Index/Nofollow Balance

Managing the balance between index/noindex and follow/nofollow directives is how you control what search engines show in results and where your link authority flows. "Index" means a page can appear in search results. "Follow" means links on that page pass authority to their destinations. Getting this balance right ensures your best content is visible while keeping low-value, duplicate, and private pages out of search results — without accidentally cutting off important pages.

Why It Matters

  • It shapes what appears in search results. Without proper directives, search engines may index login pages, admin panels, paginated archives, and other pages that provide no value to searchers — while potentially missing the pages that do.
  • It controls authority distribution. When every page passes authority equally and links flow to low-value pages, your important content gets diluted. Strategic use of nofollow on certain links keeps authority concentrated where it helps the most.
  • It prevents duplicate content issues.
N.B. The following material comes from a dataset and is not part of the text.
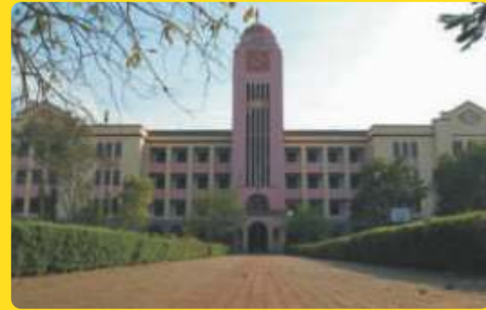
MAR IVANIOS COLLEGE - 7 KM

Filtered product listings, URL parameters, and print-friendly versions of pages can create dozens of near-identical indexed pages. Noindex directives prevent these duplicates from competing with your primary pages.
  • Mistakes are hard to spot. An accidental noindex tag on your homepage or a nofollow on your main navigation can be devastating — and these errors often go undetected for weeks because the page still loads normally for users.

How to Get It Right

  1. Index your valuable content pages. Blog posts, product pages, service pages, landing pages, and any page with unique, useful content should be indexable. These are the pages you want people to find through search.
  2. Noindex low-value and utility pages. Thank you pages, search results pages, filter/sort variations, login pages, privacy policy pages (depending on strategy), and paginated archives are good candidates for noindex.
  3. Keep "follow" on noindexed pages. When you noindex a page, search engines still need to follow its links to discover other pages. Use "noindex, follow" rather than "noindex, nofollow" unless you specifically want to block link authority from flowing through that page.
  4. Use dofollow on editorial internal links. Your internal links are how authority flows through your site. Keep links between your own content pages as dofollow so search engines can discover and value them properly.
  5. Audit your directives regularly. Check that important pages are not accidentally noindexed and that nofollow is not applied where it should not be. CMS updates, template changes, and plugin installations can silently alter these settings.

Common Mistakes

  • Accidentally noindexing important pages. A stray meta robots tag, an inherited directive from a template, or a plugin misconfiguration can noindex critical pages without anyone noticing until organic traffic drops.
  • Using noindex when canonical is better. For duplicate content, a canonical tag often makes more sense than noindex. Canonical says "this version is the original" and consolidates authority, while noindex removes the page from results entirely.
  • Nofollowing all external links reflexively. Linking to authoritative external sources with dofollow is natural and healthy. Over-nofollowing every outbound link creates an unnatural link profile.
  • Setting noindex, nofollow together by default. Blocking both indexing and link following on a page means search engines cannot index it or follow its links. This is appropriate for strictly private pages but wasteful for pages that link to valued content.
Bottom Line: Index your valuable pages, noindex your utility pages, keep links on noindexed pages followable, and audit regularly. The right balance makes sure search engines find your best content and ignore the rest — without accidentally hiding anything important.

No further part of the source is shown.